Political discourse in 2012: #!*&%$!

Political discourse in 2012: #!*&%$! 2016-09-30T17:06:27-04:00

The soaring rhetoric of ages past has crashed to earth.

From the AP:

What the $?&(! is going on with our politicians?

The mayors of New York and Philadelphia and the governor of New Jersey let loose with a few choice vulgarities over the past two weeks in otherwise G-rated public settings, including a town-hall meeting and a City Hall event.

And all three men knew full well the microphone was on.

While foul language has been uttered in politics before, the blue streak is making some wonder whether it reflects the coarsening effects of pop culture in this reality-TV era of “Jersey Shore” and “The Real Housewives,” a decline in public discourse, a desire by politicians to come across as average Joes, or just a really hot summer.

First there was famously blunt New Jersey Gov. Chris Christie branding a lawmaker “one arrogant S.O.B.” at a town hall last month (and using some stronger epithets in discussing his passion for the music, though not the politics, of Bruce Springsteen in an interview published in The Atlantic this month.)

Then New York Mayor Michael Bloomberg, apparently having trouble stomaching a slew of puns in his prepared remarks for Tuesday’s contestant weigh-in at City Hall before the Fourth of July hot dog-eating contest, chuckled, “Who wrote this s—?” to guffaws from the crowd.

Then it was Philadelphia Mayor Michael Nutter’s turn on Thursday at a news conference where he discussed a shooting a few blocks from the center of the city’s July Fourth celebration.

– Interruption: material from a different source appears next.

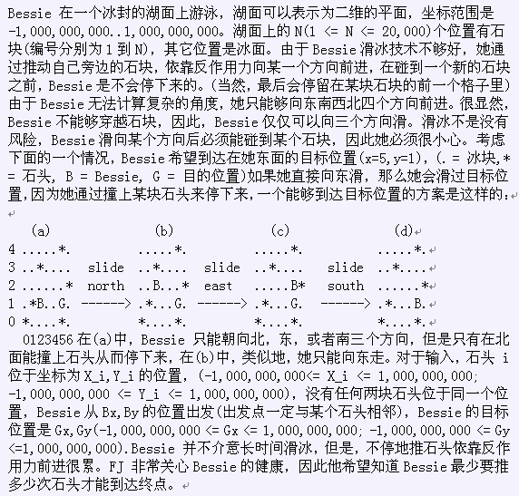 * 第一行: 一个整数表示Bessie至少要推多少次石头才能够到达终点

He said he wasn’t going to let the city’s image be harmed by “some little ass—- 16-year-old.”

“My sense is: Because they want to appear to be in tune with popular culture, politicians feel free to express themselves in profane ways,” said Rutgers University political scientist Ross K. Baker. And he finds that troubling: “I honestly do believe that, in aping the coarseness of popular culture, people in public life are really dragging us into a discourse of fang and claw.”

President Harry S. Truman was criticized for his use of such salty language — for his time — as “hell” and “damn.” And many Americans were shocked by Richard Nixon’s liberal use of profanities on the Watergate tapes, which made “expletive deleted” a pop-culture catchphrase.

In more recent years, then-candidate George W. Bush was caught on what he didn’t realize was a live microphone describing a reporter as a “major-league ass—-,” and Vice President Dick Cheney hurled the F-word at Vermont Sen. Patrick Leahy on the Senate floor.

In 2010, Vice President Joe Biden was heard using the F-word on live television in a whispered congratulation to President Barack Obama at the signing of his health care bill.

The seeming proliferation of political swearing reflects changes in both social norms and the media landscape, said Robert Thompson, director of the Bleier Center for Television and Popular Culture at Syracuse University. Offhand remarks that might once not have been reported now get captured on video and posted online.

“Politics has been nasty” for years, Thompson said. “The difference is we now have media that show this stuff.”